Because the raw response times \(\hbox {T}_{\mathrm{pi}}\) for subject \(p = 1, {\ldots }, N\), on item \(i = 1, {\ldots }, n\), are bounded by zero and skewed (Luce, 1986), a log-transformation is used to make the assumption of linearity and homoscedasticity in Eq. 1 more plausible. Other possible transformations include the square root transformation and the reciprocal transformation (see Rummel, 1970 for more options). In Eq. 1 \(\lambda _{i}\) is the main effect of the item on the log-response time distribution (time intensity parameter), \(\tau _{p}\) is the main effect of the subject on the log-response time distribution (subject speed parameter) that accounts for some subjects being on average faster than others. Finally, \(\varepsilon _{pi}\) is the error with VAR(\(\varepsilon _{pi}) = \sigma _{\varepsilon i}^{2}\).

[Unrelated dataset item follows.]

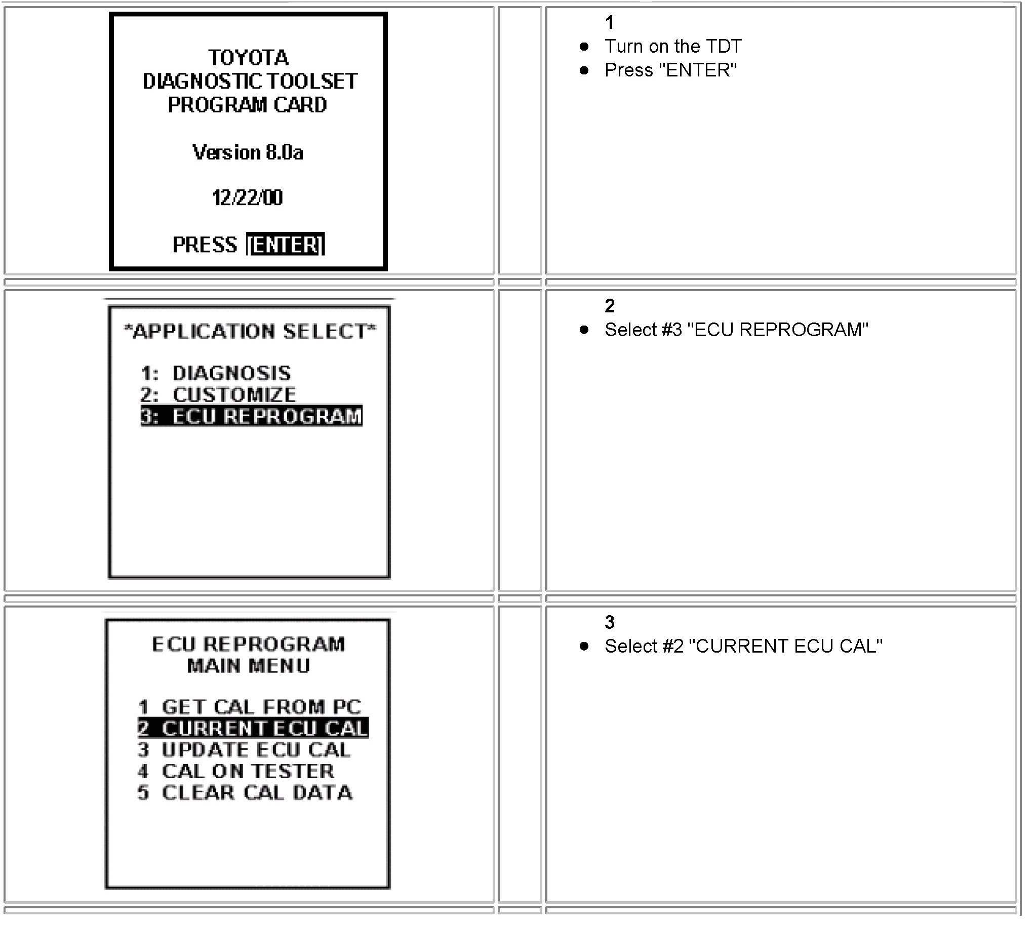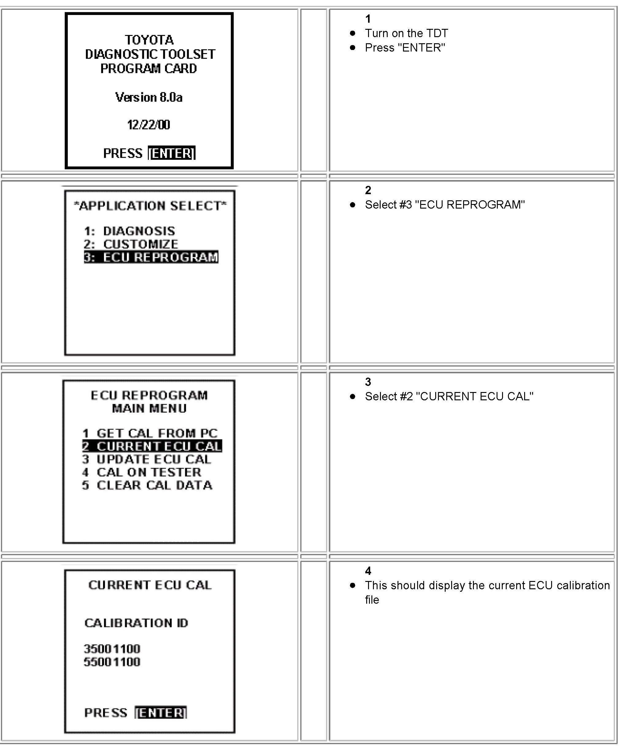 A. Connect the Diagnostic Tester to the vehicle and select CURRENT ECU CAL from the ECU REPROGRAM MAIN MENU. Determine the vehicle's current ECU calibration.

For the responses, we adopt the idea by Partchev and De Boeck (2012) who specified a separate measurement model for the faster responses and a separate measurement model for the slower responses. Partchev and De Boeck separated faster responses from slower responses by a median split of the item response times. Next, the faster and slower measurement models were fit as a multidimensional item response theory model to the responses and the categorized response time data. In the present paper, we avoid the necessity of dichotomization of the response time data by formulating a general measurement model for the responses which consists of a mixture of two measurement models, that is

$$\begin{aligned} P\left( {X_{pi} =1|\theta _p ,\alpha _{0i} ,\alpha _{1i} ,\beta _{0i} ,\beta _{1i}} \right)= & {} {\pi }_{pi} P\left( {X_{pi} =1|\theta _p ,\alpha _{0i} ,\beta _{0i}} \right) \nonumber \\&+\left( {1-_{pi}} \right) P\left( {X_{pi} =1|\theta _p ,\alpha _{1i} ,\beta _{1i}} \right) . \end{aligned}$$
(2)

where \(\pi _{pi}\) is the mixing proportion which denotes the probability that the response by subject p to item i follows the measurement model in class 0, \(\pi _{pi}\) = P(\(\hbox {C}_{pi} = 0\)) where \(\hbox {C}_{pi} = 0\), 1, is the latent class variable underlying item i. The measurement models for classes \(\hbox {C}_{pi} = 0\) and \(\hbox {C}_{pi} = 1\) in Eq. 2 are given by, respectively,

$$\begin{aligned} \textit{logit}\left[ {P\left( {X_{pi} =1|\theta _p ,\alpha _{0i} ,\beta _{0i}} \right) } \right] =\alpha _{0i} \theta _p -\beta _{0i} \end{aligned}$$
(3)

and

$$\begin{aligned} \textit{logit}\left[ {P\left( {X_{pi} =1|\theta _p ,\alpha _{1i} ,\beta _{1i}} \right) } \right] =\alpha _{1i} \theta _p -\beta _{1i} \end{aligned}$$
(4)

where \(\upalpha _{0\mathrm{i}}\) and \(\upbeta _{0\mathrm{i}}\) are, respectively, the discrimination and difficulty parameters for \(\hbox {C}_{\mathrm{pi}} = 0\), and \(\upalpha _{1\mathrm{i}}\) and \(\upbeta _{1\mathrm{i}}\) are, respectively, the discrimination and difficulty parameters for \(\hbox {C}_{\mathrm{pi}} = 1\).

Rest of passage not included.